To make this question more general, I believe that it can also be rephrased as: Creating a current temporary variable with a variable . Although this is an unusual requirement, it can be used for different data sources.
I have a series of non-uniform time data
s> 1 records per day for thousands of users. I want to create a new player_type
column that tracks a rolling 30-day definition of their behavior. The behavior is determined by what games they play; the 'games'
column is a factor in game A, gameB.
Thus, there are three types of behavior:
- Exclusively plays GameA -
'A'
- Exclusively plays GameB -
'B'
- Play both games -
'Hybrid'
I want to use this new column to see changes in their game behavior over time, and also count the number of players in each group over time to see how they change.

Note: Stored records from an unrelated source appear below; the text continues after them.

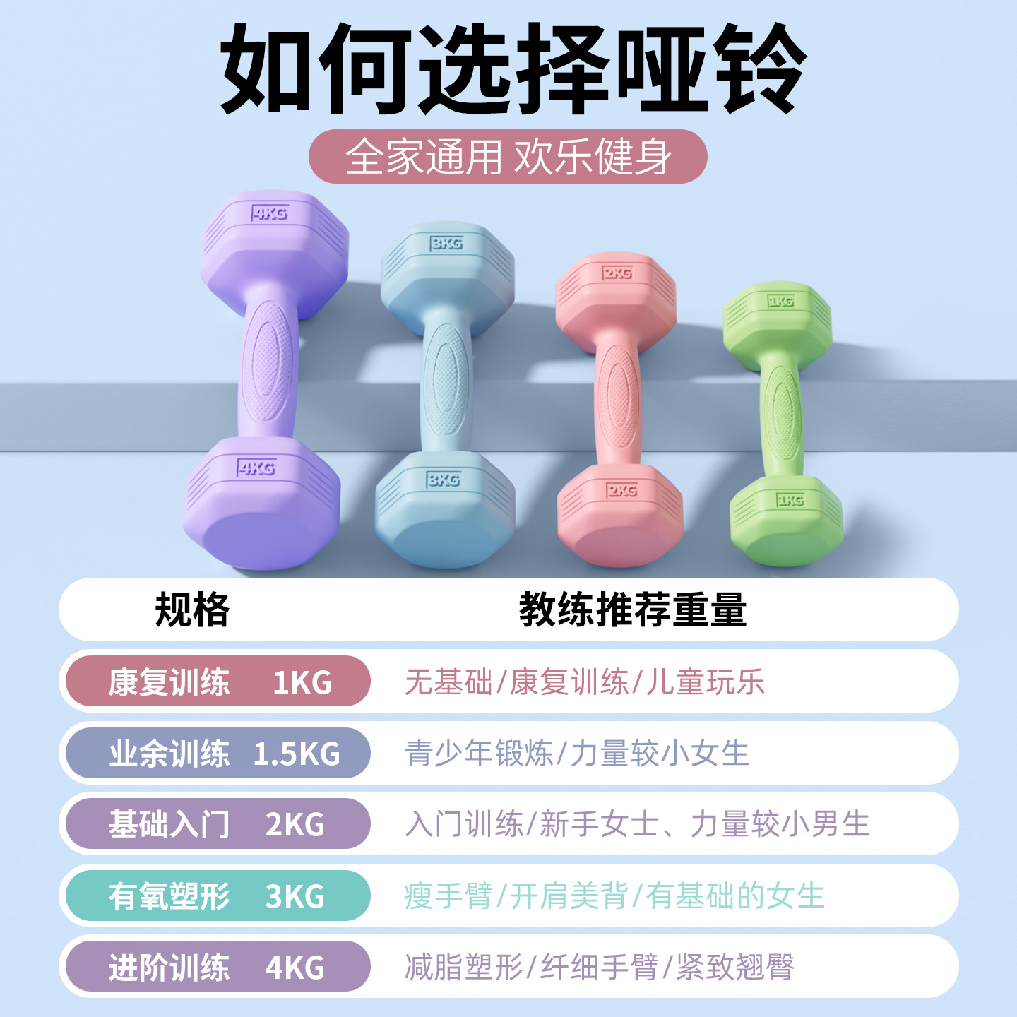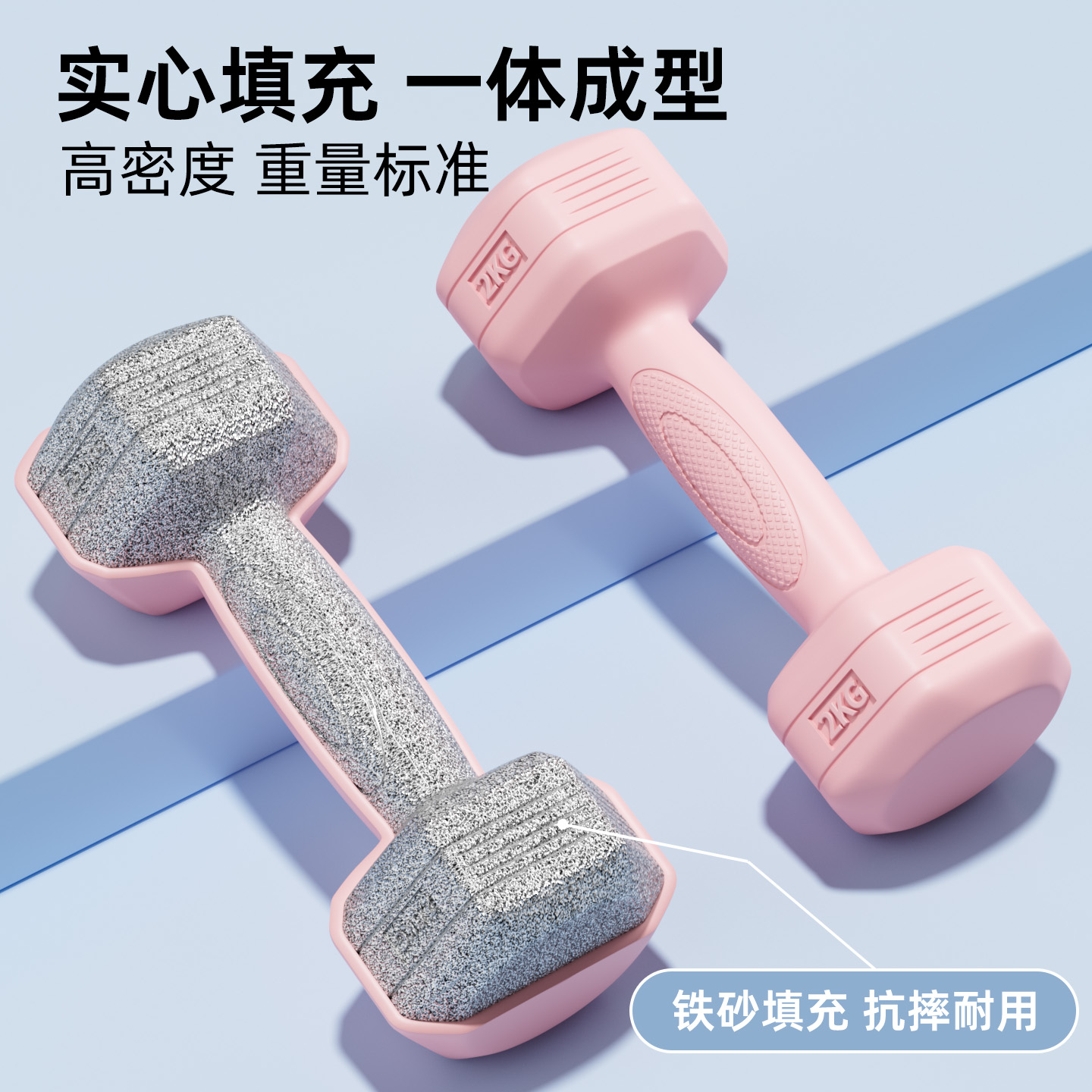 哑铃女士健身家用器材瘦肚子瑜伽儿童青少年女包胶小哑铃2KG一对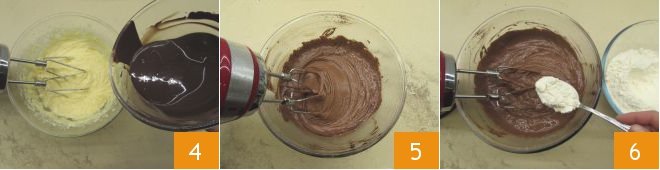 Continue to beat the mixture until it is light and homogeneous, at this point also add the dark chocolate melted in a bain-marie or microwave 4, ensuring it has cooled. Turn on the beaters again and mix until you get a homogeneous mixture 5. Now incorporate the flour previously sifted through a sieve 6.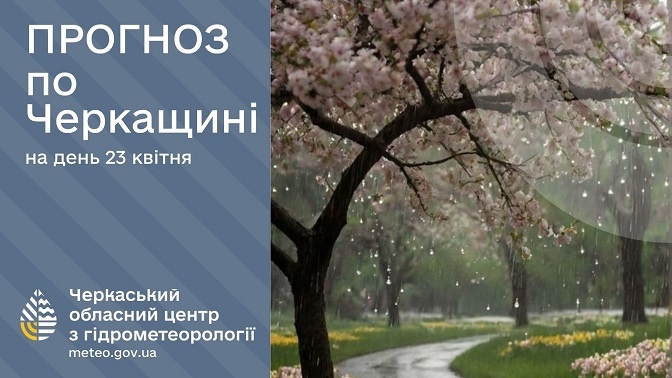 08:15 23.04 23 квітня в Черкаській області хмарно з проясненнями, дощ, 7-12º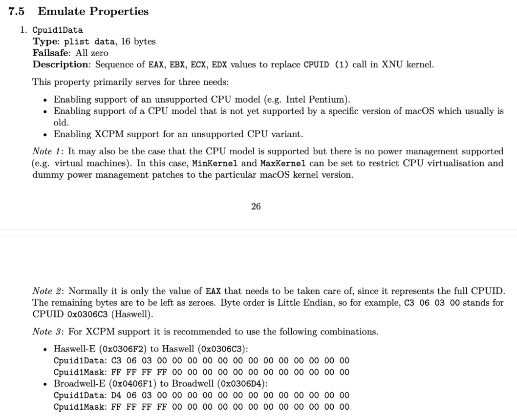@cdf about the Cpuid1Data and Cpuid1Mask, the failsafe Hex values should be 16 bytes all zeroes 00 00 00 00 00 00 00 00 00 00 00 00 00 00 00 00, see #85. Your config.plist should include also these failsafe values.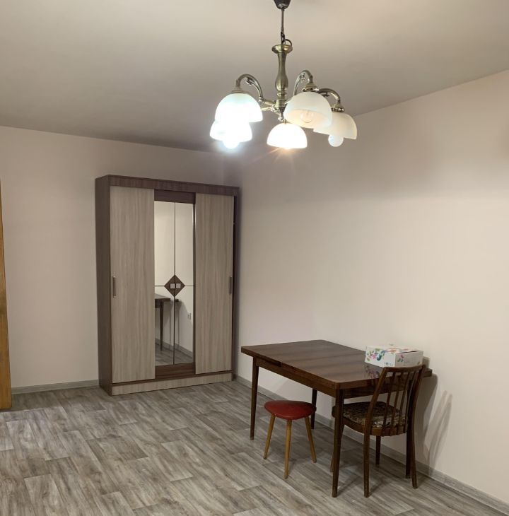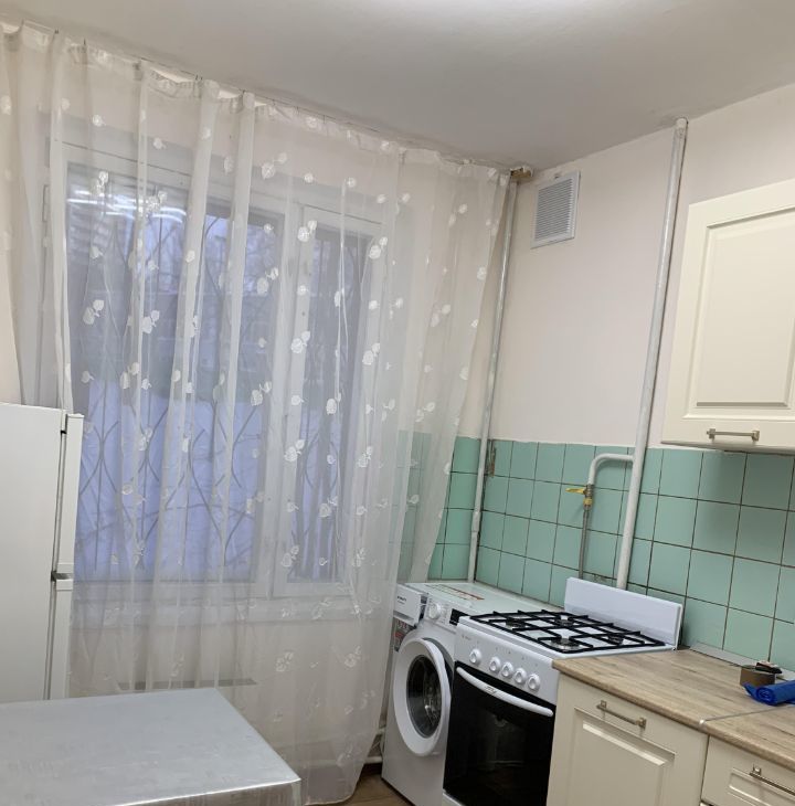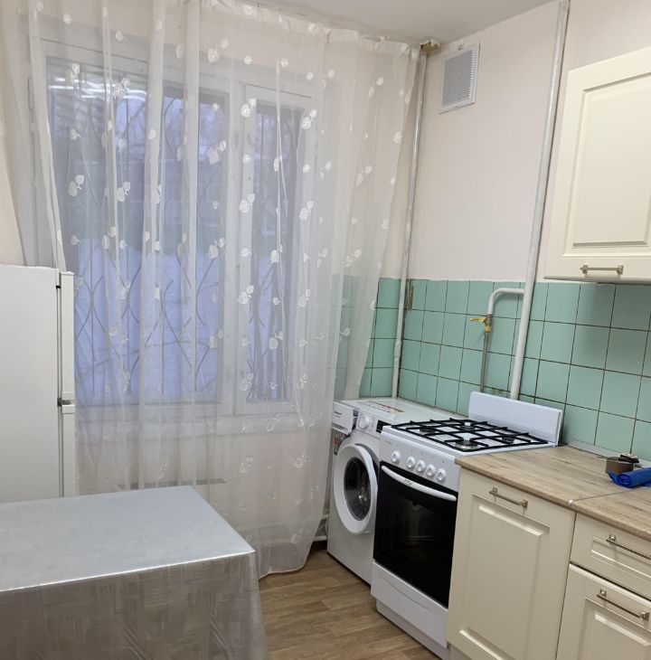 В квартире выполнен частичный косметический ремонт. На полу линолеум. Просторная комната с окнами во двор, мебель: двуспальный диван, шкаф купе, стол . На кухне всё необходимое: новый кухонный гарнитур, обеденный стол, холодильник и стиральная машина. Пылесос. Покупка СВЧ -печь обсуждается.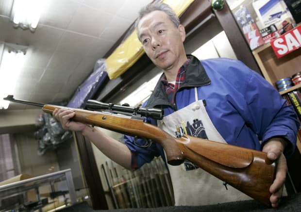 Tadakazu Shimoyama, chief mechanician at the Ennis gun shop, displays a rifle in Tokyo April 17, 2007. Gun ownership in Japan is extremely limited because of the country’s strict licensing regulations for firearms and ammunition sales. REUTERS/Yuriko Nakao(JAPAN)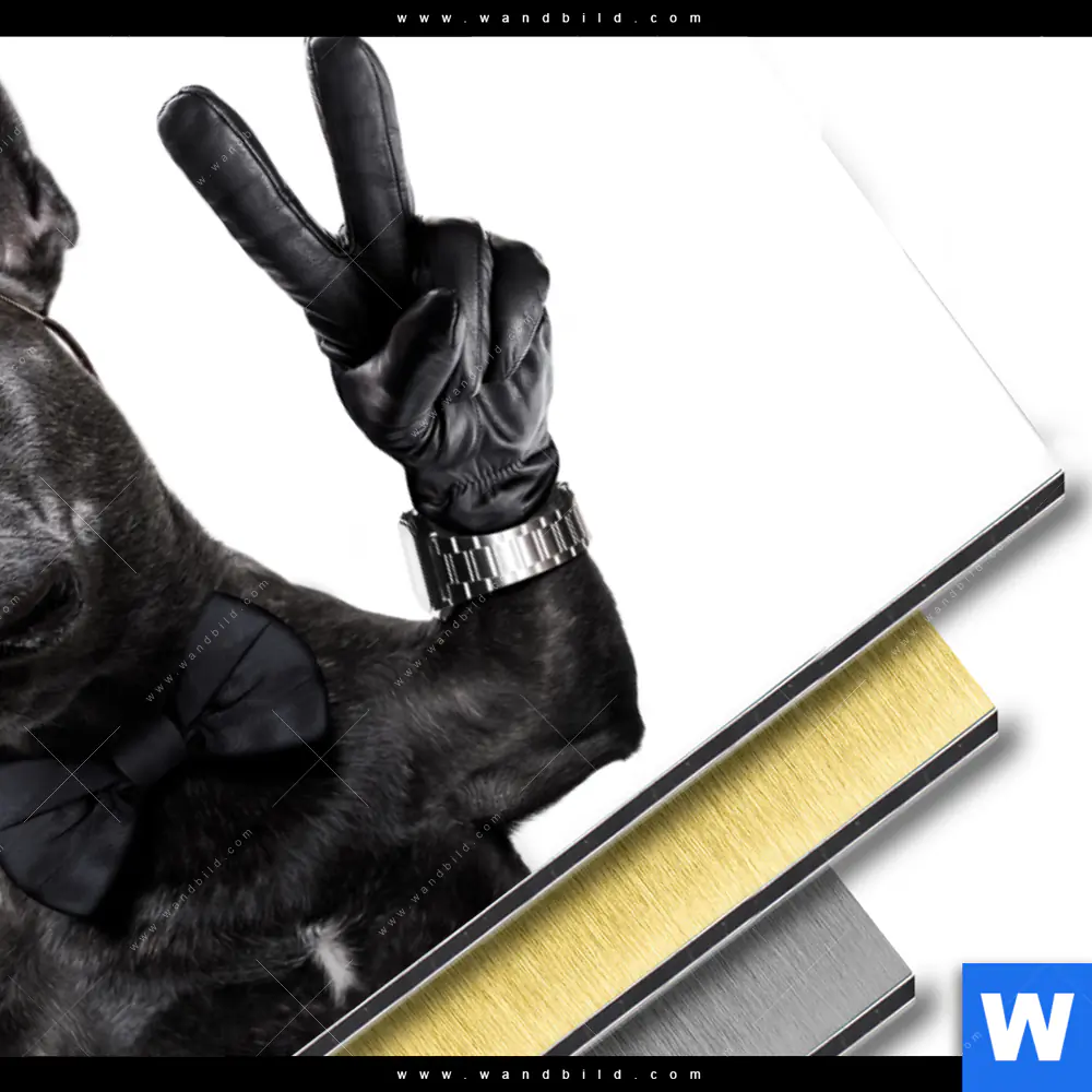 Aluminiumbild gebürstet | Bulldogge mit Martini | Querformat

Time series are very irregular for each player. Players can play several types of games per day or not play games for many months. The time series is uneven for each player, so a record is created only when the player is playing a game, so I expect the solution to use a filter something like:
interval(current_date, current_date - new_period(days=30)
(using lubridate).
Here is an example dataset. Keep in mind that this is simplified and checks for a rolling change in 1 day, so simple recording verification methods will not actually work before that. If you can make a better dataset, consult and I will edit this post.
p <- c( 1, 1, 1, 2, 2, 2, 6, 6, 6) g <- c('A', 'B', 'B', 'A', 'B', 'A', 'A', 'B', 'B') d <- seq(as.Date('2014-10-01'), as.Date('2014-10-9'), by=1) df <- data.frame(player_id = p, date = d, games = g)
As a conclusion, I require:
player_id date games type 1 1 2014-10-01 AA (OR NA) 2 1 2014-10-02 B Hybrid 3 1 2014-10-03 BB 4 2 2014-10-04 AA (OR NA) 5 2 2014-10-05 B Hybrid 6 2 2014-10-06 A Hybrid 7 6 2014-10-07 AA (OR NA) 8 6 2014-10-08 B Hybrid 9 6 2014-10-09 BB
The solution should be something like apply
through the columns and apply a function that checks 30 days in time, and an ifelse()
statement to see what games they played.
This is a very similar message - and should help solve this problem. How to make a notional amount that looks only between certain date criteria
I also learned rowwise()
and conditional mutates()
with dplyr, however catch is a historical time component for me.
Thanks for the help! I can not thank this forum. I will check often.